Tamales like most of us know is a popular Mexican dish, but did you know there is a Filipino version of it? While Philippines cuisine is usually associated with the Spanish cuisine did you know that Mexico has an influence as well? Champorado, avocado, azucena, cereza / aratilis, sayote, tsokolate, menudo and pipian are the main ones but there are many too mention in this post. This all happened during the Manila Galleon Trade (1565–1815) where there was heavy trading between the two countries. Mainly spices were traded during this times but as an effect other things like culture, traditions and even cuisine have been introduced to the Philippines and our dish today the Tamales was one of them.

Filipino Tamales is a dish highly influenced by Mexico where rice, coconut milk, chicken, boiled eggs and sausages is cooked with rice flour and coconut milk wrapped in banana leaf then steamed. It may look like both dishes are different if you investigate closely both concepts are similar where starch and meat is steamed in a leaf, the Mexican version was just adjusted to the local ingredients available that time in the Philippines hence corn husk was replaced with banana leaf, corn flour was replaced with rice flour and fillings are replaced with what’s readily available during those times.

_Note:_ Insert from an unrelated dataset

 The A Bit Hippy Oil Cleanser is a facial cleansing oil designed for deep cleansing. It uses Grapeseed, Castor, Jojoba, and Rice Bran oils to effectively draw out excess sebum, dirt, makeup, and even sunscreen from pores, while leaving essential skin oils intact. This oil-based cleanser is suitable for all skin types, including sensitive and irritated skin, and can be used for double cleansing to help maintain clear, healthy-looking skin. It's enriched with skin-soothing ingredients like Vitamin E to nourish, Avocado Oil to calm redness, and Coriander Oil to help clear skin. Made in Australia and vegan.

Honestly I never had tried this in the Philippines, I only saw them but never had a bite ever until a Filipino colleague of mine asked me whether I have this recipe on my blog already. I did not know how to prepare them so I asked what it is made of and after some online research I have a recipe. I did not know whether it tasted like how it did back home so I brought some to the office and let him try, guess what? It was a success, I am glad that he told me it was the same taste and texture of what he grew up with.

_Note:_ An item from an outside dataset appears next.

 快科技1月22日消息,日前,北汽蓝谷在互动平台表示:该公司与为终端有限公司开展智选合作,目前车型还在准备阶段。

Personally I told him I am not an avid fan of this dish even the Mexican version, while I like what I made, this is not the dish I will crave on a regular basis. I might not be used with the texture as I never grew up eating them but I guess I will start to love it after 2 or 3 more tries. Hopefully someone tries this recipe so I will have a second opinion and see whether I really made this correctly.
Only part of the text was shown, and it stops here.